Since $x \le 0$, $y=0$, the image of $u=0$ is the negative $x$-axis in the $xy$-plane.
b. The image of $u=1$ is $T\left( {1,v} \right) = \left( {1 - {v^2},2v} \right)$. So, $x = 1 - {v^2}$, $y = 2v$.
Using $y = 2v$, we get $v = \frac{y}{2}$. Substituting $v = \frac{y}{2}$ in $x = 1 - {v^2}$ gives $x = 1 - \frac{{{y^2}}}{4}$.
Thus, the image of $u=1$ is the curve ${y^2} = 4 - 4x$.
We conclude that the image of $0 \le u \le 1$ in ${\cal D}$ are the boundaries $y=0$ and the curve ${y^2} = 4 - 4x$.
Step 2. Find the image of the boundary $0 \le v \le u$
a. The image of $v=0$ is $T\left( {u,0} \right) = \left( {{u^2},0} \right)$.
So, $x = {u^2}$, $y=0$.
Since $x \ge 0$, $y=0$, the image of $v=0$ is the positive $x$-axis in the $xy$-plane.
b. The image of $v=u$ is $T\left( {u,u} \right) = \left( {0,2{u^2}} \right)$.
So, $x=0$, $y = 2{u^2}$.
Since $x=0$ and $y \ge 0$, the image of $v=u$ is the positive $y$-axis.

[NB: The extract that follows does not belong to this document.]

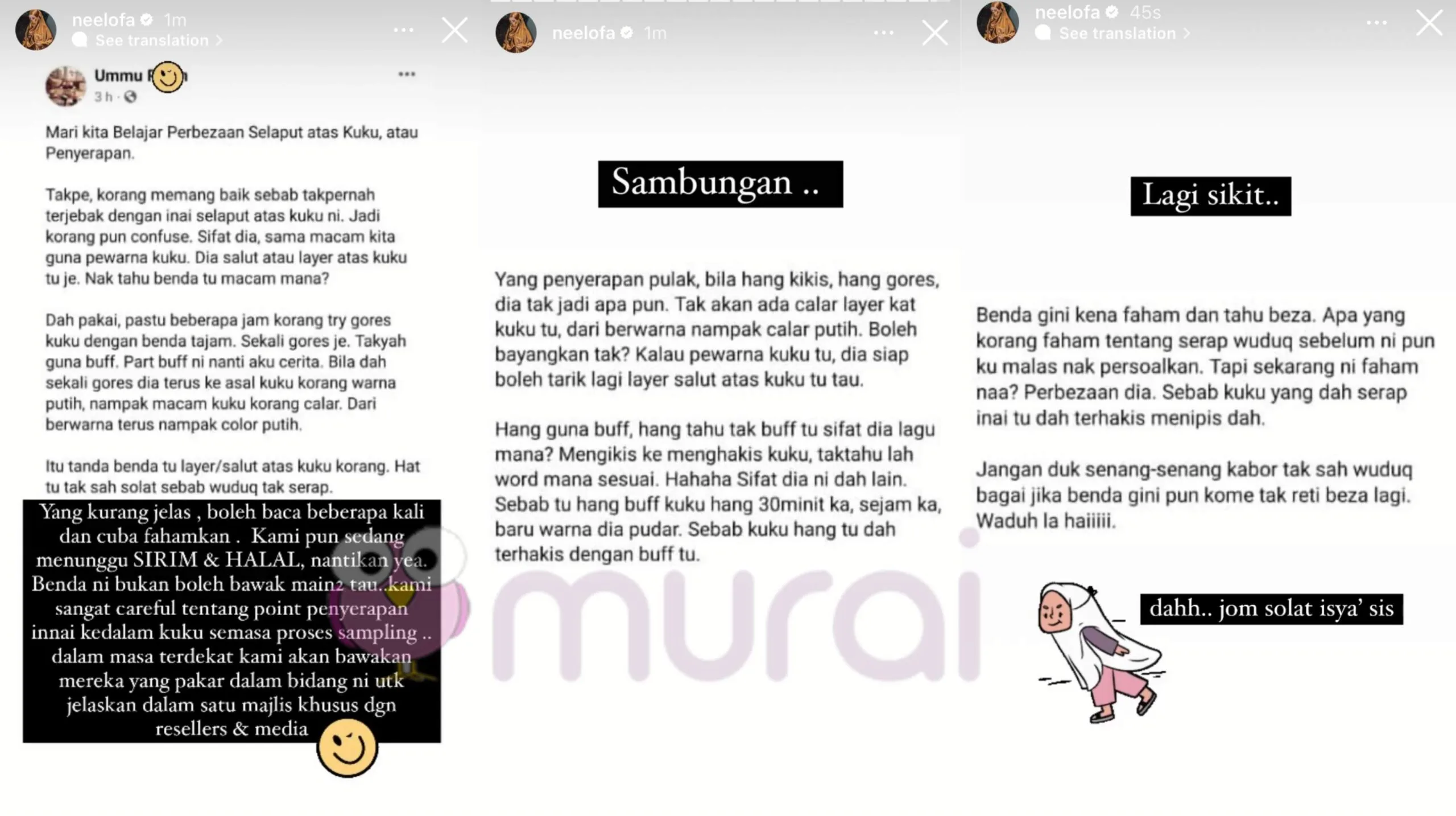 “Kami pun sedang menunggu SIRIM & HALAL, nantikan yea. Benda ni bukan boleh bawak main-main tau..Kami sangat careful tentang point penyerapan innai ke dalam kuku semasa proses sampling.”- Jelas Neelofa

Hence, the domain ${\cal D}$ is bounded by $x=0$, $y=0$, and ${y^2} = 4 - 4x$.
Step 3. Evaluate the Jacobian of $T\left( {u,v} \right) = \left( {{u^2} - {v^2},2uv} \right)$:
${\rm{Jac}}\left( T \right) = \left| {\begin{array}{*{20}{c}}
{\frac{{\partial x}}{{\partial u}}}&{\frac{{\partial x}}{{\partial v}}}\\
{\frac{{\partial y}}{{\partial u}}}&{\frac{{\partial y}}{{\partial v}}}
\end{array}} \right| = \left| {\begin{array}{*{20}{c}}
{2u}&{ - 2v}\\
{2v}&{2u}
\end{array}} \right| = 4{u^2} + 4{v^2}$
Write
$f\left( {x,y} \right) = \sqrt {{x^2} + {y^2}} $
$f\left( {x\left( {u,v} \right),y\left( {u,v} \right)} \right) = \sqrt {{{\left( {{u^2} - {v^2}} \right)}^2} + 4{u^2}{v^2}} $
$f\left( {x\left( {u,v} \right),y\left( {u,v} \right)} \right) = \sqrt {{u^4} + 2{u^2}{v^2} + {v^4}} = \sqrt {{{\left( {{u^2} + {v^2}} \right)}^2}} = {u^2} + {v^2}$
Using the Change of Variables Formula, we evaluate:
$\mathop \smallint \limits_{}^{} \mathop \smallint \limits_{\cal D}^{} f\left( {x,y} \right){\rm{d}}x{\rm{d}}y = \mathop \smallint \limits_{}^{} \mathop \smallint \limits_{\cal R}^{} f\left( {x\left( {u,v} \right),y\left( {u,v} \right)} \right)\left| {Jac\left( G \right)} \right|{\rm{d}}u{\rm{d}}v$
$\mathop \smallint \limits_{}^{} \mathop \smallint \limits_{\cal D}^{} \sqrt {{x^2} + {y^2}} {\rm{d}}x{\rm{d}}y = 4\mathop \smallint \limits_{u = 0}^1 \mathop \smallint \limits_{v = 0}^u {\left( {{u^2} + {v^2}} \right)^2}{\rm{d}}v{\rm{d}}u$
$ = 4\mathop \smallint \limits_{u = 0}^1 \mathop \smallint \limits_{v = 0}^u \left( {{u^4} + 2{u^2}{v^2} + {v^4}} \right){\rm{d}}v{\rm{d}}u$
$ = 4\mathop \smallint \limits_{u = 0}^1 \left( {\left( {{u^4}v + \frac{2}{3}{u^2}{v^3} + \frac{1}{5}{v^5}} \right)|_0^u} \right){\rm{d}}u$
$ = 4\mathop \smallint \limits_{u = 0}^1 \left( {{u^5} + \frac{2}{3}{u^5} + \frac{1}{5}{u^5}} \right){\rm{d}}u$
$ = 4\mathop \smallint \limits_{u = 0}^1 \left( {\frac{{28}}{{15}}{u^5}} \right){\rm{d}}u = \frac{{56}}{{45}}\left( {{u^6}|_0^1} \right) = \frac{{56}}{{45}}$
So, $\mathop \smallint \limits_{}^{} \mathop \smallint \limits_{\cal D}^{} \sqrt {{x^2} + {y^2}} {\rm{d}}x{\rm{d}}y = \frac{{56}}{{45}}$.